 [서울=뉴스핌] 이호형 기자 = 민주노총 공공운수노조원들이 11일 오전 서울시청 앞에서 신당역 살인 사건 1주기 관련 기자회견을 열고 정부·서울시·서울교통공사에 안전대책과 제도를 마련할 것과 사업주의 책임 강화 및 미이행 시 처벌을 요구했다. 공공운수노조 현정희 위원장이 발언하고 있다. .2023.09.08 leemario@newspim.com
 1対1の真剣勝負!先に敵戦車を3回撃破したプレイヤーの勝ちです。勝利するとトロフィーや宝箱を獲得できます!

...

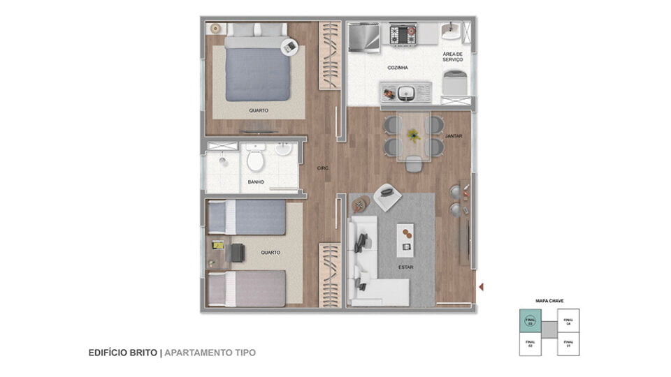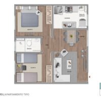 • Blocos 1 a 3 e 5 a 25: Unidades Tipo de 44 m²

### Directions for this task
Look above for the line with "[서울=뉴스핌] 이호형 기자"; retype exactly that line, every line after it up to the line with "1対1の真剣勝負!先に敵戦車", and that line too, nothing else.

### Output for this task
 [서울=뉴스핌] 이호형 기자 = 민주노총 공공운수노조원들이 11일 오전 서울시청 앞에서 신당역 살인 사건 1주기 관련 기자회견을 열고 정부·서울시·서울교통공사에 안전대책과 제도를 마련할 것과 사업주의 책임 강화 및 미이행 시 처벌을 요구했다. 공공운수노조 현정희 위원장이 발언하고 있다. .2023.09.08 leemario@newspim.com
 1対1の真剣勝負!先に敵戦車を3回撃破したプレイヤーの勝ちです。勝利するとトロフィーや宝箱を獲得できます!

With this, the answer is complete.